In order that these forces may reach maximum combat effectiveness, the Joint Chiefs of Staff have recommended to me that we should prepare to send--during the next 5 months--support troops totaling approximately 13,500 men.

A portion of these men will be made available from our active forces. The balance will come from reserve component units which will be called up for service.

The actions that we have taken since the beginning of the year:

--to reequip the South Vietnamese forces,
--to meet our responsibilities in Korea, as well as our responsibilities in Vietnam,
--to meet price increases and the cost of activating and deploying reserve forces,
--to replace helicopters and provide the other military supplies we need, all of these actions are going to require additional expenditures.

The tentative estimate of those additional expenditures is $2.5 billion in this fiscal year, and $2.6 billion in the next fiscal year.

These projected increases in expenditures for our national security will bring into sharper focus the Nation's need for immediate action: action to protect the prosperity of the American people and to protect the strength and the stability of our American dollar.

On many occasions I have pointed out that, without a tax bill or decreased expenditures, next year's deficit would again be around $20 billion. I have emphasized the need to set strict priorities in our spending. I have stressed that failure to act and to act promptly and decisively would raise very strong doubts throughout the world about America's willingness to keep its financial house in order.

Yet Congress has not acted. And tonight we face the sharpest financial threat in the postwar era--a threat to the dollar's role as the keystone of international trade and finance in the world.

Last week, at the monetary conference in Stockholm, the major industrial countries decided to take a big step toward creating a new international monetary asset that will strengthen the international monetary system. I am very proud of the very able work done by Secretary Fowler and Chairman Martin of the Federal Reserve Board.

But to make this system work the United States just must bring its balance of payments to--or very close to--equilibrium. We must have a responsible fiscal policy in this country. The passage of a tax bill now, together with expenditure control that the Congress may desire and dictate, is absolutely necessary to protect this Nation's security, to continue our prosperity, and to meet the needs of our people.

What is at stake is 7 years of unparalleled prosperity. In those 7 years, the real income of the average American, after taxes, rose by almost 30 percent--a gain as large as that of the entire preceding 19 years.

So the steps that we must take to convince the world are exactly the steps we must take to sustain our own economic strength here at home. In the past 8 months, prices and interest rates have risen because of our inaction.

We must, therefore, now do everything we can to move from debate to action--from talking to voting.

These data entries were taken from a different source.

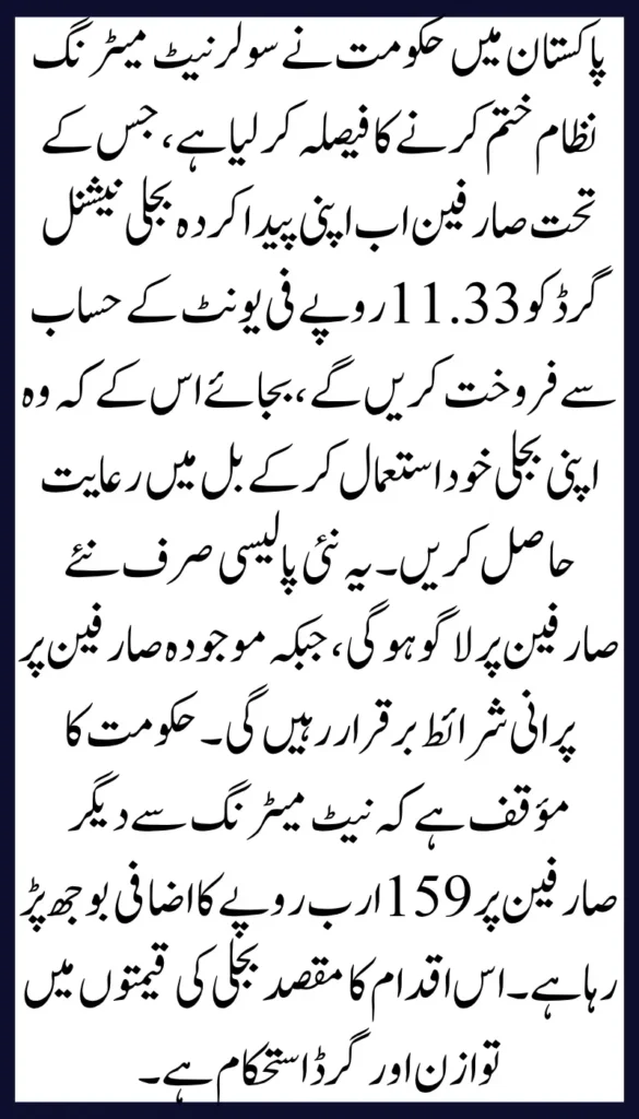 Federal Govt ends Net Metering. Transition from net metering to gross metering. The government plans to implement gross metering for solar consumers by abolishing the traditional net metering system. Under this, consumers will no longer be able to consume the electricity they generate themselves, but will have to sell it to the National Grid at a fixed rate. This proposal will be sent to the federal cabinet after being finalized by Nepra.
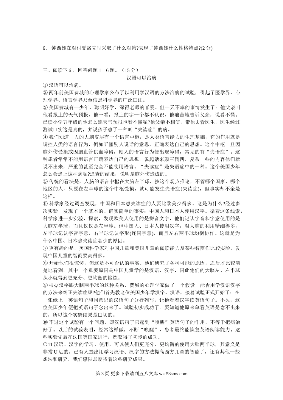 九年级语文下册第四单元测试题及答案.doc_第3页
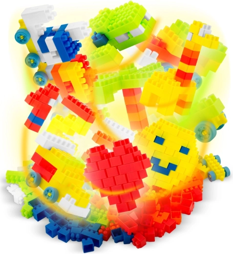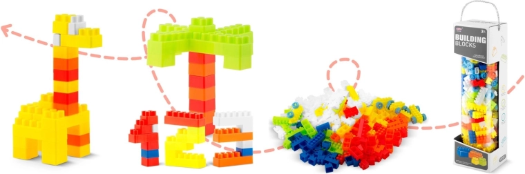 Set sadrži 300 kocaka u živim bojama (plava, žuta, crvena, narančasta, zelena) i dolazi u praktičnoj visokoj tubi koja služi kao spremnik i poklon-pakiranje. Odlično za igru kod kuće, u vrtićima i dječjim kutcima.
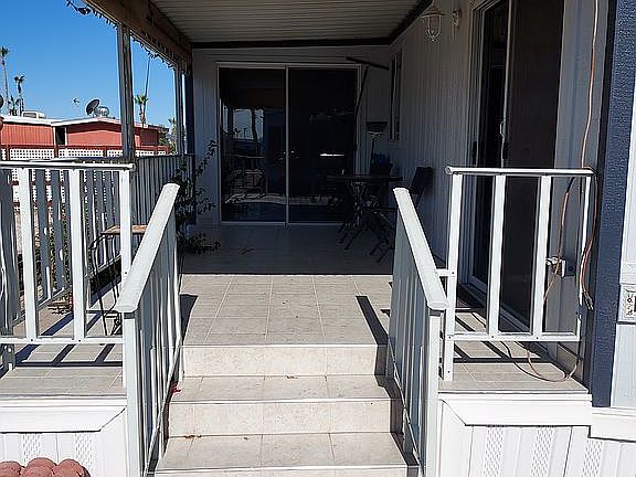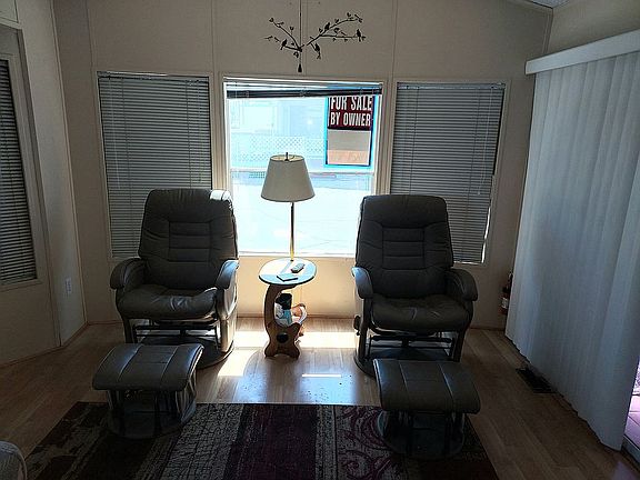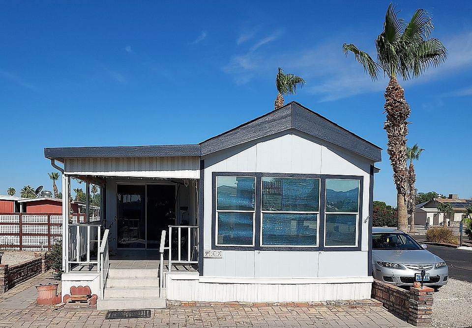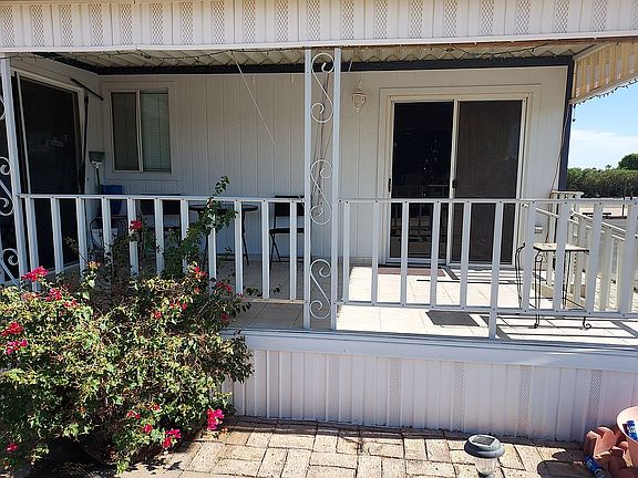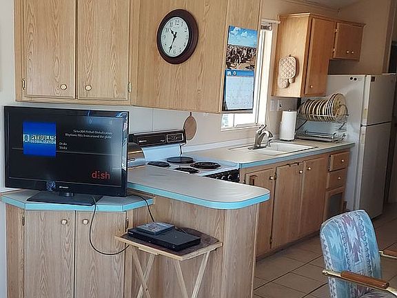 PALM HARBOR modular home with Arizona room and covered patio with table and 6 chairs. Attached storage unit that can be used as a shop.Corner lot close to all amenities excellent condition. Comes fully furnished. Electric stove, refridgerator, microwave. Arizona room has solid wood queen murphy bed with large desk/work table when stored. 2 recliners and kitchen table with 4 chairs. Main bedroom has queen bed and lots of built-in storage. Full bathroom and additions.

There is, I believe--I hope there is--in both Houses of the Congress--a growing sense of urgency that this situation just must be acted upon and must be corrected.

My budget in January was, we thought, a tight one. It fully reflected our evaluation of most of the demanding needs of this Nation.

But in these budgetary matters, the President does not decide alone. The Congress has the power and the duty to determine appropriations and taxes.

The Congress is now considering our proposals and they are considering reductions in the budget that we submitted.

As part of a program of fiscal restraint that includes the tax surcharge, I shall approve appropriate reductions in the January budget when and if Congress so decides that that should be done.

One thing is unmistakably clear, however: Our deficit just must be reduced. Failure to act could bring on conditions that would strike hardest at those people that all of us are trying so hard to help.

These times call for prudence in this land of plenty. I believe that we have the character to provide it, and tonight I plead with the Congress and with the people to act promptly to serve the national interest, and thereby serve all of our people.

Now let me give you my estimate of the chances for peace:

--the peace that will one day stop the bloodshed in South Vietnam,
--that will permit all the Vietnamese people to rebuild and develop their land,
--that will permit us to turn more fully to our own tasks here at home.

I cannot promise that the initiative that I have announced tonight will be completely successful in achieving peace any more than the 30 others that we have undertaken and agreed to in recent years.

But it is our fervent hope that North Vietnam, after years of fighting that have left the issue unresolved, will now cease its efforts to achieve a military victory and will join with us in moving toward the peace table.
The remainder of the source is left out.